今までの説明のように、875点という数値が出た瞬間に人生がパァっと明るくなったわけでもないし、今の会社で僕がTOEIC875点を獲得していると知っている人はほとんどいません。何なら英語はあまり得意ではないと思われているぐらい。
でも高校時代はセンター試験で英語が4割も取れていなかった自分が世間的にはハイスコアと言われる860点オーバーの数値を出せたことは大いに自信になりましたし、その後の転職の面接でも「僕の長所はコツコツと努力を継続できることです。この長所のお陰で働きながらでも地道に勉強を続け、TOEICでは875点を獲得することができました」と話したところ、面接官からは深く納得され、内定を勝ち取ることができました。

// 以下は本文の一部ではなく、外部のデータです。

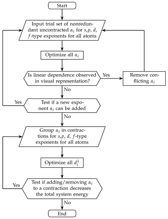For a different model system, the BS reoptimization is straightforward. First, the contractions are removed, and then all nonredundant exponents are reoptimized. Second, the contractions are created with new exponents. Finally, only contraction coefficients are reoptimized.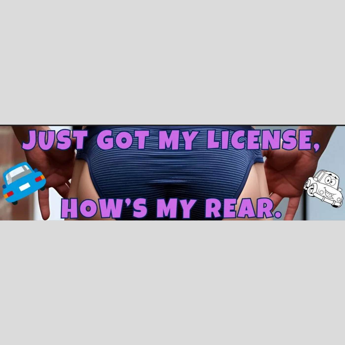 Funny New Driver Bumper Sticker 5 – "Just Got My License, How's My Rear?" – Teen Driver Gift, Car Decal, Graduation Humor Sticker

それからも自分の人生の随所で「まぁ俺はTOEICで875点を取れたんだから、他のこともなんとかなるでしょ」と思うことができ、休日にプログラミングを勉強することも億劫ではなくなりました。本業とは全く関係ないものの、自分のキャリアを考えて簿記やFPにも挑戦し、ハードな残業の合間に勉強して、無事合格しています。
そしてTOEICでハイスコアが出る前に務めていた弱小メーカー時代は、女の子といい感じになっても終盤で会社名を聞かれると、その後はずっとスマホを触られ盛り下がって解散ということが何回かありました。恐らくはネットで会社名を調べて、そこの平均年収を見てガッカリしたのでしょう。逆に転職した今では途中まではスマホを触りがちだった女の子も会社名を聞いた途端ピタリと手を止めるということが何回もあります。あまりの現金さにちょっと笑いがこみ上げてしまうのですけども、これも「努力して結果を出すと良いことがある」分かりやすい例でしょう。
話を戻すと、ベンチプレス100kg挙げれているのに、それを成功というフレームで捉えられていないのはすごくもったいないなと思います。そう思うものの、成功のフレームで捉えられるのも時間の問題とも考えています。というのもベンチプレス100kg挙げたという"数値"の実績は揺るがないもので、それが人生の要所要所でジワリジワリと効いてくるからです。
人は自分が出した結果を過剰に低く見積もって「こんなもん、やれば誰でもできる」と言ってしまいます。そうやって他人にもアドバイスするのだけども、そうすると他人が意外と自分と同じ期間で結果を出せない事態に直面します。すると「あれ、おれがやってたことって実はすごいんじゃね?」と気づくのです。
今はまだ周りに悪態をつくフェーズかも知れませんが、早くその転機が来ることを祈っています。